Problem statement: Without the images, reproduce each line of the material exactly.

Excerpted records:
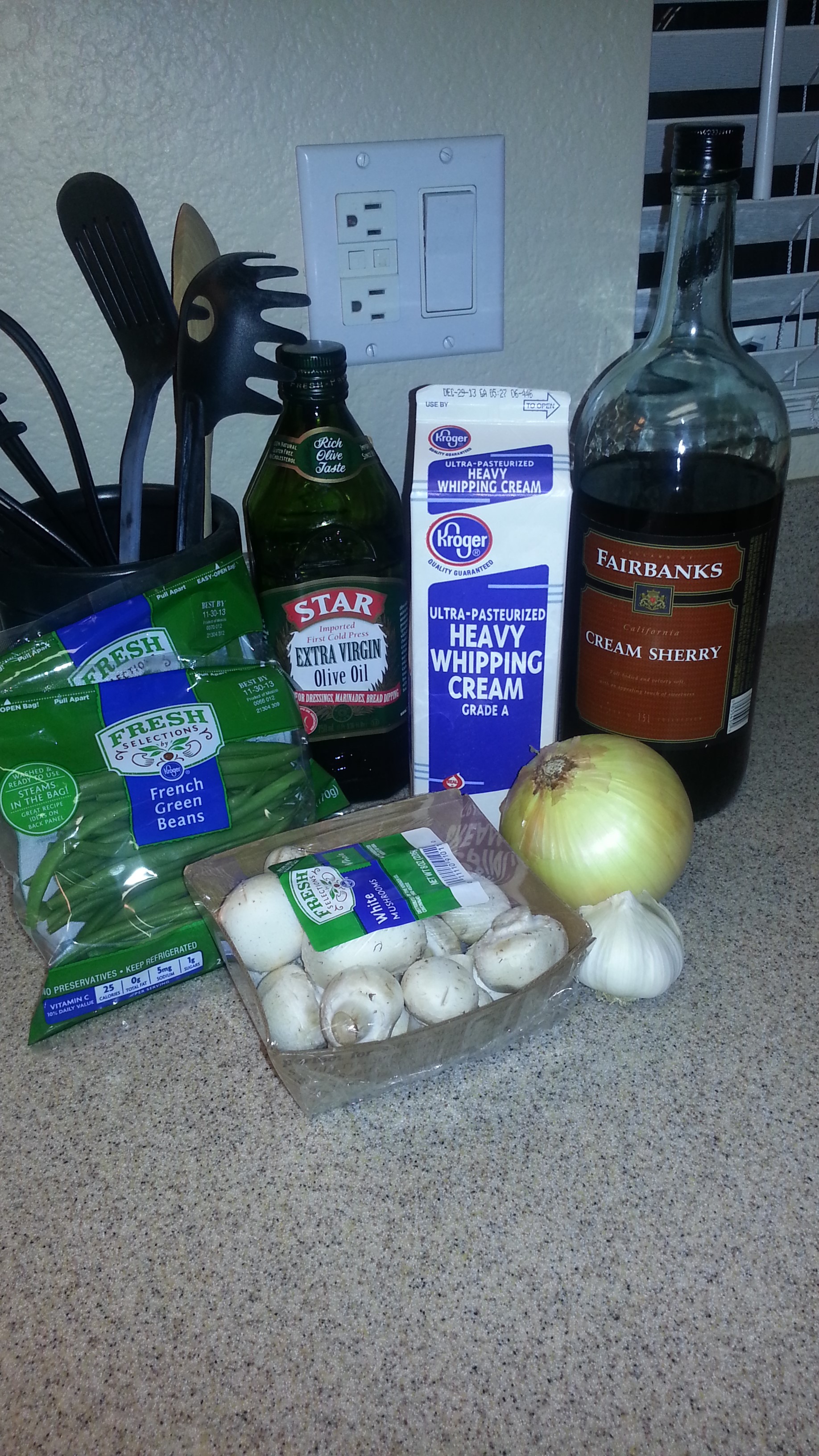 After you add the other ingredients you end up with a pot of creamy goodness!  You’ll see that the green beans aren’t cooked all the way; we like our veggies to still have a bit of crunch.  If you don’t like them crunchy, just sauté them a bit longer before you add the cream, sherry and cornstarch. The mixture will be a bit runny but that’s okay.
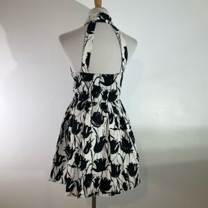 This stunning sleeveless mini dress from Anthropologie features a bold black and white floral pattern, perfect for a cocktail night out. The halter neckline and fit-and-flare silhouette create a flattering and feminine look, while the structured fabric ensures the dress maintains its elegant shape.
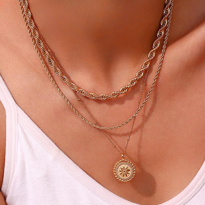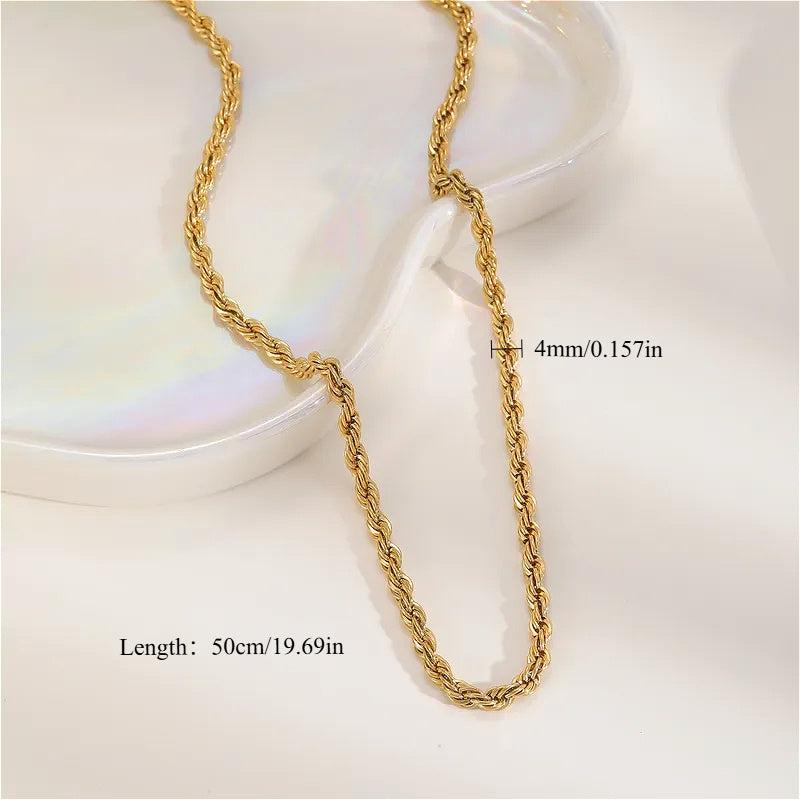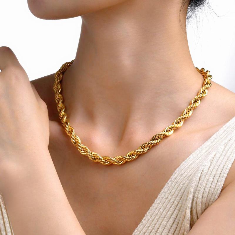 Elevate your style with this hip hop style chain necklace that is perfect for all seasons. Made of stainless steel with a golden plated twist rope design, it adds a touch of glam to your everyday look.
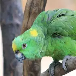 古巴亚马逊鹦鹉是典型的攀禽,对趾型足,两趾向前两趾向后,适合抓握,鸟喙强劲有力,可以食用硬壳果。…
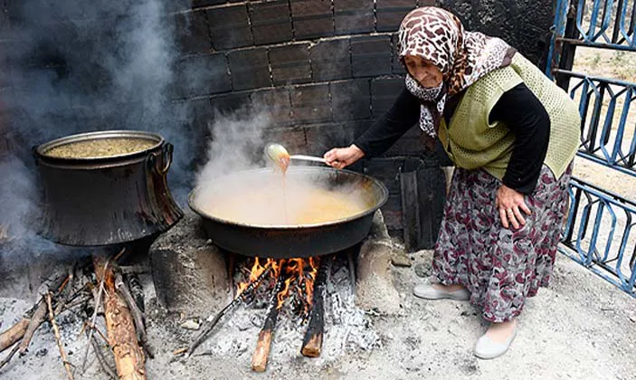 Odun ateşinde kaynatılarak kıvamına getirilir.
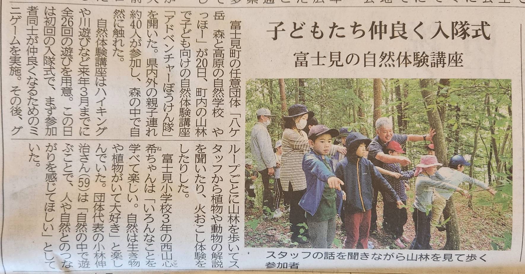 【メディア掲載】アドベンチャーぼうけん隊入隊式 投稿日 2023年5月29日 更新日 2025年8月29日 著者 スタッフ カテゴリー メディア掲載 令和5年度アドベンチャーぼうけん隊が始まりました。 5/20(土)やっほーあそびの森にて、ぼうけん隊入隊式! 信濃毎日さんに掲載していただけました。

Completed exercise:
 After you add the other ingredients you end up with a pot of creamy goodness!  You’ll see that the green beans aren’t cooked all the way; we like our veggies to still have a bit of crunch.  If you don’t like them crunchy, just sauté them a bit longer before you add the cream, sherry and cornstarch. The mixture will be a bit runny but that’s okay.
 This stunning sleeveless mini dress from Anthropologie features a bold black and white floral pattern, perfect for a cocktail night out. The halter neckline and fit-and-flare silhouette create a flattering and feminine look, while the structured fabric ensures the dress maintains its elegant shape.
 Elevate your style with this hip hop style chain necklace that is perfect for all seasons. Made of stainless steel with a golden plated twist rope design, it adds a touch of glam to your everyday look.
 古巴亚马逊鹦鹉是典型的攀禽,对趾型足,两趾向前两趾向后,适合抓握,鸟喙强劲有力,可以食用硬壳果。…
 Odun ateşinde kaynatılarak kıvamına getirilir.
 【メディア掲載】アドベンチャーぼうけん隊入隊式 投稿日 2023年5月29日 更新日 2025年8月29日 著者 スタッフ カテゴリー メディア掲載 令和5年度アドベンチャーぼうけん隊が始まりました。 5/20(土)やっほーあそびの森にて、ぼうけん隊入隊式! 信濃毎日さんに掲載していただけました。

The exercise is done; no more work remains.